A comparison of kV and MV imaging in head and neck image guided radiotherapy

Radiation Oncology Queensland, 280 North St, Toowoomba 4350, Australia

Received 7 August 2008; received in revised form 3 August 2009; accepted 3 August 2009.

Abstract

Purpose

To compare and assess kV and MV imaging modalities and their role in image guided radiotherapy (IGRT) for head and neck cancer patients.

Method

Twelve patients receiving radical radiotherapy to the head and neck were analysed in this study. Six patients undertook MV daily online intervention and a further six patients undertook kV daily online intervention. Pre-intervention field placement data were collected from three separate observers' image match analysis for each patient.
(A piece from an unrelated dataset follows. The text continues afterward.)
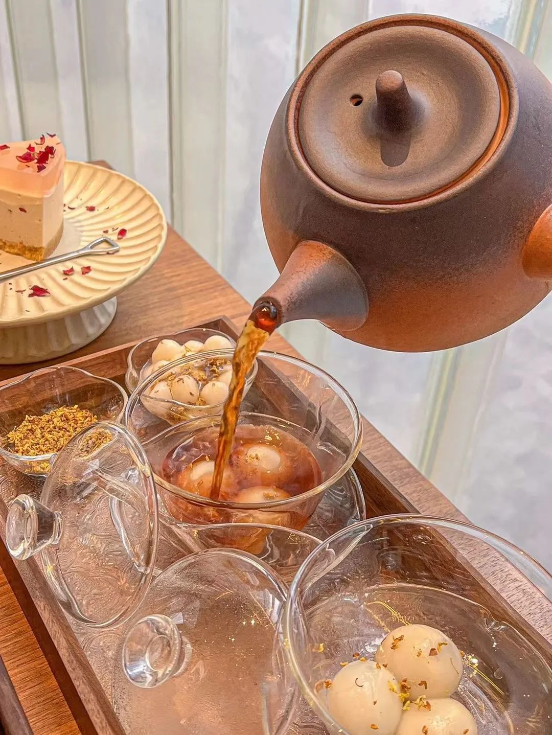 万象城的「糖站楼」是一家新中式下午茶,去年元宵节推出了团团圆圆系列,其中一款是陈皮入普洱煮茶,茶食配汤圆和桂花。名字很特别,叫做「大郎喝药套餐」。黑芝麻馅的汤圆浸润在普洱茶里,一边补充能量一边刮油!糖站楼·Terminal Sugar(万象城店)

The radiotherapy collective involved in the daily online image match analysis formed the fourth observer in the study. The primary end point was to establish the difference in inter- and intra-observer variance between kV and MV imaging modalities.

Results

The range of the standard deviations of systematic set-up error for MV imaging calculated was 1.47–2.33mm (MV) and 1.61–1.64mm (kV) for the right–left (RL), 2.10–2.17mm (MV) and 1.53–1.84mm (kV) for the cranio–caudal (CC) and 1.43–1.63mm (MV) and 1.02–1.11mm (kV) for the anterior–posterior (AP). The mean inter-observer variance was 0.21mm (MV) and 0.41mm (kV) for the RL, 0.53mm (MV) and 0.55mm (kV) for the CC and 0.23mm (MV) and 0.16mm (kV) for the AP direction. Intra-observer mean variance was in the order of 0.60mm (MV) and 0.16mm (kV) for the RL, 1.41mm (MV) and 0.05mm (kV) for the CC and 1.41mm (MV) and 0.08mm (kV) for the AP.

Discussion

The data in this study suggest both inter- and intra-observer consistency across kV and MV imaging modalities were comparable. However, it is felt that the improved clarity and quality of kV imaging allows all observers to analyse images in a consistent manner, identifying and acting on potential field placement moves.

Conclusion

The introduction of kV imaging has maintained the high levels of inter- and intra-observer consistency achieved with MV imaging. This in turn further enables positive verification outcomes and supports the implementation of potential reductions in action thresholds. The increased quality, clarity and field of view offered by kV imaging have established it as the method of choice for head and neck IGRT at Radiation Oncology Queensland.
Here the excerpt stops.